Given information:
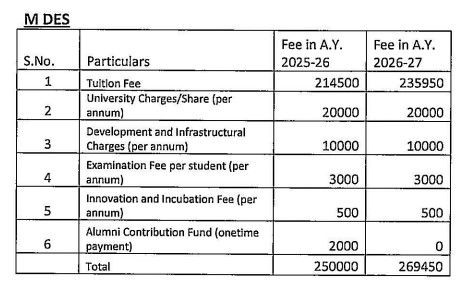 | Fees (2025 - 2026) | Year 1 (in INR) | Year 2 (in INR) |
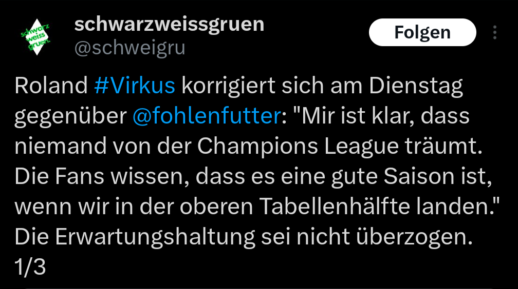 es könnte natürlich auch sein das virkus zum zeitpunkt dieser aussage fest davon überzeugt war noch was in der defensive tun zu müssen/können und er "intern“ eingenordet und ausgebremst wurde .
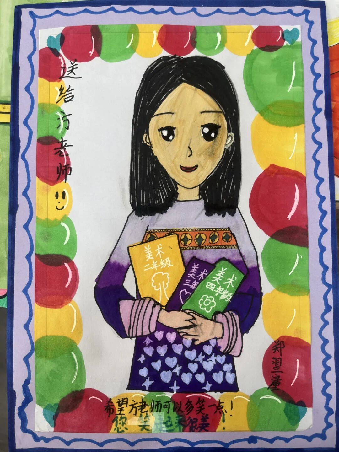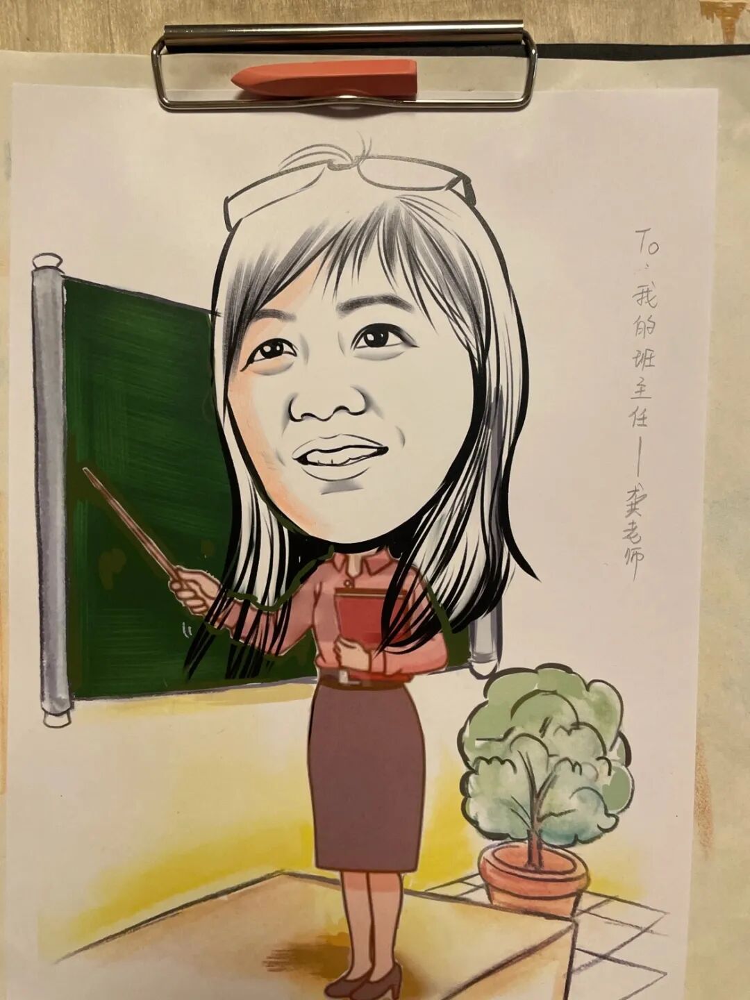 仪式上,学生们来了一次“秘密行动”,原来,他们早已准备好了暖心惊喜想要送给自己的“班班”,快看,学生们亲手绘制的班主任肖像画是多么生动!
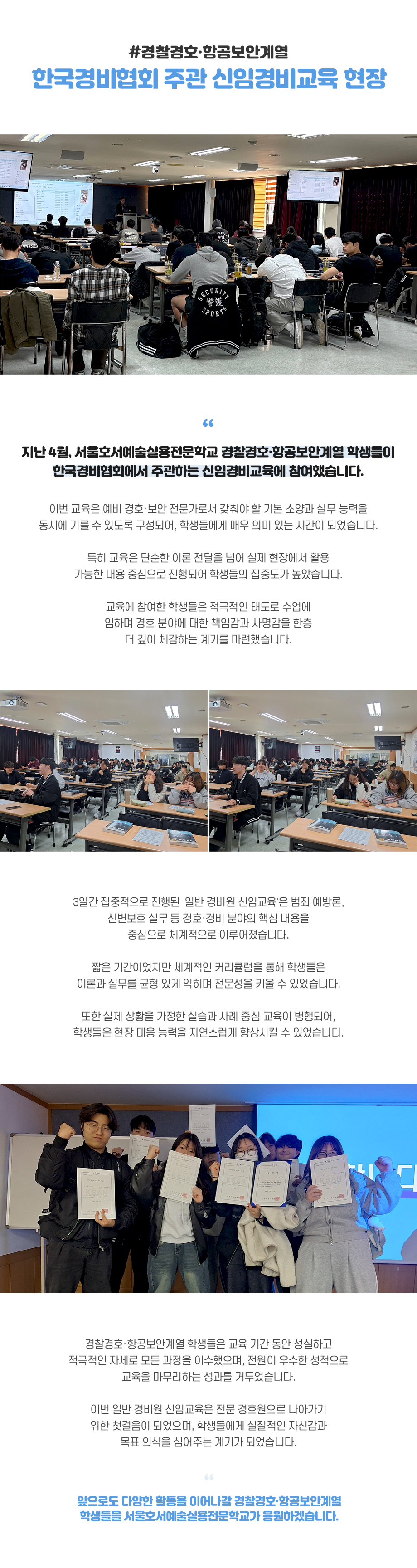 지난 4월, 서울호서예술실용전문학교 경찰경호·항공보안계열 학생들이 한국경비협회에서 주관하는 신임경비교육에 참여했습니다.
* * *
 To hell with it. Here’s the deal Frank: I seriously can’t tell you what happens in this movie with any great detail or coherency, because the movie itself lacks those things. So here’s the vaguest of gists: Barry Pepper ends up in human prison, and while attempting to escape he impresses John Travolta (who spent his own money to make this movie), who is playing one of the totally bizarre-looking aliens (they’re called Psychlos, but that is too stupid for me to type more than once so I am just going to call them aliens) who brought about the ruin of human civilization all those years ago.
==
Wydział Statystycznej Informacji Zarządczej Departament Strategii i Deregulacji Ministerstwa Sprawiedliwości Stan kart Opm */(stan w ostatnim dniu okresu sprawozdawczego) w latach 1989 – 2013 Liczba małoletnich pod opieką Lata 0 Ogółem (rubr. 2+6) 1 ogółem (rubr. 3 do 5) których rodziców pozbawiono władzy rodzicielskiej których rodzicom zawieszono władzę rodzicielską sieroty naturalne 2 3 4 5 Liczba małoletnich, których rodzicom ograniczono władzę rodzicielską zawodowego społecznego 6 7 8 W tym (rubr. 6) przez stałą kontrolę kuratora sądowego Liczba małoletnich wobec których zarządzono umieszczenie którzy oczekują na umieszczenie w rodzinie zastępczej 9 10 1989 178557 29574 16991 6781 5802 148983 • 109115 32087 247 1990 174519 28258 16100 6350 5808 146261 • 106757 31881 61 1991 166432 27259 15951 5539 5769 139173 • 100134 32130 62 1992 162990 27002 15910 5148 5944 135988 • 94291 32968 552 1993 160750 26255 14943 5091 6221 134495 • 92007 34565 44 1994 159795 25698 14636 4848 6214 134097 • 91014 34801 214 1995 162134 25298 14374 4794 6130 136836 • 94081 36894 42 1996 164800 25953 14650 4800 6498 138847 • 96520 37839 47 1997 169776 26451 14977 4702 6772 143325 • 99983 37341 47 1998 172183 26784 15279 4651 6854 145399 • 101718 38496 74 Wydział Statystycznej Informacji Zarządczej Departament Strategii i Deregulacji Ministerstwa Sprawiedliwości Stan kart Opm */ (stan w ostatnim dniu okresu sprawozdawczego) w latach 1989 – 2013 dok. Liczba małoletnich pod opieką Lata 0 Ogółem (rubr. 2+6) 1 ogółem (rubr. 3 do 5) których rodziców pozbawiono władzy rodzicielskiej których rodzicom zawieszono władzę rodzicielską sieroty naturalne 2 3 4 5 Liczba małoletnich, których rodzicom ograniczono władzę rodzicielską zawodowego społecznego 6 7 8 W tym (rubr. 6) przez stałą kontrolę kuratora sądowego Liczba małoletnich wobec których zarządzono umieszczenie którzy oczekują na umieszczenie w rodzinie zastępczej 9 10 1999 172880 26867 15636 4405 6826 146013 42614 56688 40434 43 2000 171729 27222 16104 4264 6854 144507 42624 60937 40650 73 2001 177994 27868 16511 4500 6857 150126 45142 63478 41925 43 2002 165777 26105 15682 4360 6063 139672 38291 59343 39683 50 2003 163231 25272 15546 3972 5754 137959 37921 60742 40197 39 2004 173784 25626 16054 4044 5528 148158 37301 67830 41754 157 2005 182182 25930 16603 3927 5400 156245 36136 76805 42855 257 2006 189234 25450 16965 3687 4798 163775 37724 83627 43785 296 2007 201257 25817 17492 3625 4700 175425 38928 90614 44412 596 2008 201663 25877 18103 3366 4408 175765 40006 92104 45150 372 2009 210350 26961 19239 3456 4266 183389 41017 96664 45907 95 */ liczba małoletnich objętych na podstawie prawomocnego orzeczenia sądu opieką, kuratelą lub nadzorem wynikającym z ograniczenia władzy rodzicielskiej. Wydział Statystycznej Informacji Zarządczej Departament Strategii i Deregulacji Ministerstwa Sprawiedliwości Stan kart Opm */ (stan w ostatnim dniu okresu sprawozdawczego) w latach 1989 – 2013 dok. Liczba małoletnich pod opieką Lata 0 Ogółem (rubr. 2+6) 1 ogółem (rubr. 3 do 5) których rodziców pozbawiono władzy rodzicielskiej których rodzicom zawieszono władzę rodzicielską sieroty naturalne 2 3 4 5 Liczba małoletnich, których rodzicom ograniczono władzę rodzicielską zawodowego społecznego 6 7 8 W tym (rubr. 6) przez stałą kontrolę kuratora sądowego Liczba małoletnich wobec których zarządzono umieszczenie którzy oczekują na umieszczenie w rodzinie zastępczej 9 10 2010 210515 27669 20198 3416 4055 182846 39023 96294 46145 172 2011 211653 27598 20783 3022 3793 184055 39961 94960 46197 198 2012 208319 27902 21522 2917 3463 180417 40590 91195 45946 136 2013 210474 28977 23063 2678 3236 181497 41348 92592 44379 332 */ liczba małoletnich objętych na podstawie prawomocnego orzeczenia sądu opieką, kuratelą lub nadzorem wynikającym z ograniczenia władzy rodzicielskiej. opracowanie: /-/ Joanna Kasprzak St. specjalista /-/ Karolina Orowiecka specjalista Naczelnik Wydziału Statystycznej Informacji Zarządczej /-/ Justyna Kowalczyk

What you have to do:
Among the entries above, take the lines from the one with "es könnte natürlich" through the one with "지난 4월, 서울호서예술실용전문학교" and retype them exactly, leaving out the pictures.

Response area:
 es könnte natürlich auch sein das virkus zum zeitpunkt dieser aussage fest davon überzeugt war noch was in der defensive tun zu müssen/können und er "intern“ eingenordet und ausgebremst wurde .
 仪式上,学生们来了一次“秘密行动”,原来,他们早已准备好了暖心惊喜想要送给自己的“班班”,快看,学生们亲手绘制的班主任肖像画是多么生动!
 지난 4월, 서울호서예술실용전문학교 경찰경호·항공보안계열 학생들이 한국경비협회에서 주관하는 신임경비교육에 참여했습니다.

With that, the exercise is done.